From the beginning, Sajjad—who had just returned to his homeland after spending the years of Taliban rule in Iran as a refugee—and Alishah quickly stood out from the pack.
Both men had a naturally affinity for the sport, but Zurcher knew, that in order for them to really learn how to ski and make a difference in the local community, they’d have to gain international attention by making it into the Olympics. And to do that, they would need to train with international masters. So in 2014, he arranged a three-month training program in St. Moritz, Switzerland.
I spent New Year’s 2015 in St. Moritz with Zurcher, Henrietta Bjorge, a consultant for the United Nations, and several other friends I’d met in Bamyan earlier that year. Sajjad and Alishah had also just arrived.
“There was some difficulty with the visas,” Zurcher explained. “The government was worried they wouldn’t return to their own country after the three months was up, so I and several others had to vouch for them and assure that they would indeed go back to Afghanistan when their training ended.”
To pay for lessons and gear, a Bamyan Ski Club pop-up bar appears in the middle of St. Moritz from December to March with all funds going to the cause, and a charity race is held on its slopes every January to raise extra money.
While initially skeptical of the outsiders, locals perked up when they saw foreigners coming to visit, spending money and, even more importantly, creating much-needed winter jobs.

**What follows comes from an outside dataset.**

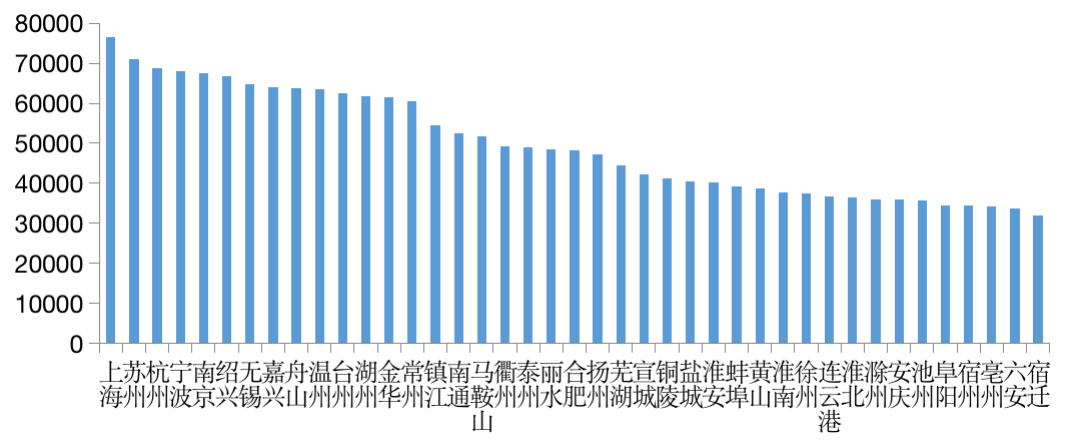 其中,上海、蘇州兩城2020年城鎮居民人均可支配收入更是超7萬元/人,上海城鎮居民可支配收入高達76437元/人,居全國之首;其次,杭州、寧波、南京、紹興、無錫、嘉興、舟山、溫州、臺州、湖州、金華、常州等城市城鎮居民人均可支配收入均超6萬元/人,在全國也居于前列。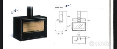 ART. HABIT 80 in Expo 4Stelle con KIT VENTILAZIONE MISURE L. 78 * p. 41 * H. 54,5 Kw 9/ 11,5 - Kg. 187 Diam. Fumi cm. 180 CON SUPPORTO INSERTO / PORTALEGNA ROCAL

The event also raised morale as, despite the skill of international competitors, Sajjad or Alishah always won. Zurcher also had a sense of P.T Barnum’s flair for crowd appeasement. In 2014, he started adding a surprise jump at the end of the race, causing bodies to pile up and locals to cheer with a gusto not seen in years.
And so it goes that for three months over the past three years, Alishah and Sajjad have made the long journey from their homeland to live a spartan, sober life in the glitzy wonderland of billionaire playboys.
This year, they are hoping to make the final qualifications for the 2018 Winter Olympics—but need help.
According to the website Zurcher has set up for donations, “This year it will be particularly intense in terms of training and expenses. [They will be] participating in races around Europe and it will involve a lot of traveling.
“If Team Afghanistan is to have a realistic chance of making it to the Olympics, they need to work with a professional coach who will be taking care of them on a full-time basis. Also,the trip to South Korea and on-site accommodation need to be paid for. Alishah and Sajjad are sustained by the ski manufacturer Völkl and the Bamyan Ski Club, a non-profit association based in Zürich. However, this is not enough.”
“It is an Olympic fairytale,” Zurcher said. On the crowdfunding site, he adds, “Participating in the Olympics would mean the fulfillment of [their] life’s dream. But what’s more, two Afghan skiers at the Olympics would constitute a sign for the distressed people of Afghanistan and the world that with hard work and a little help, they can overcome even the biggest obstacles.”
UPDATE—February 2018: Alishah Farhang and Sajjad Husseini have both qualified to take part in the 2018 Winter Olympics in South Korea, making it the first time that Afghanistan is represented at the Winter Games.
Farhang and Husseini’s journey to the Winter Olympics was in part thanks to this crowdfunding project started by Bamyan Ski Club, a non-profit association based in Zürich with the aim to promote skiing in Afghanistan.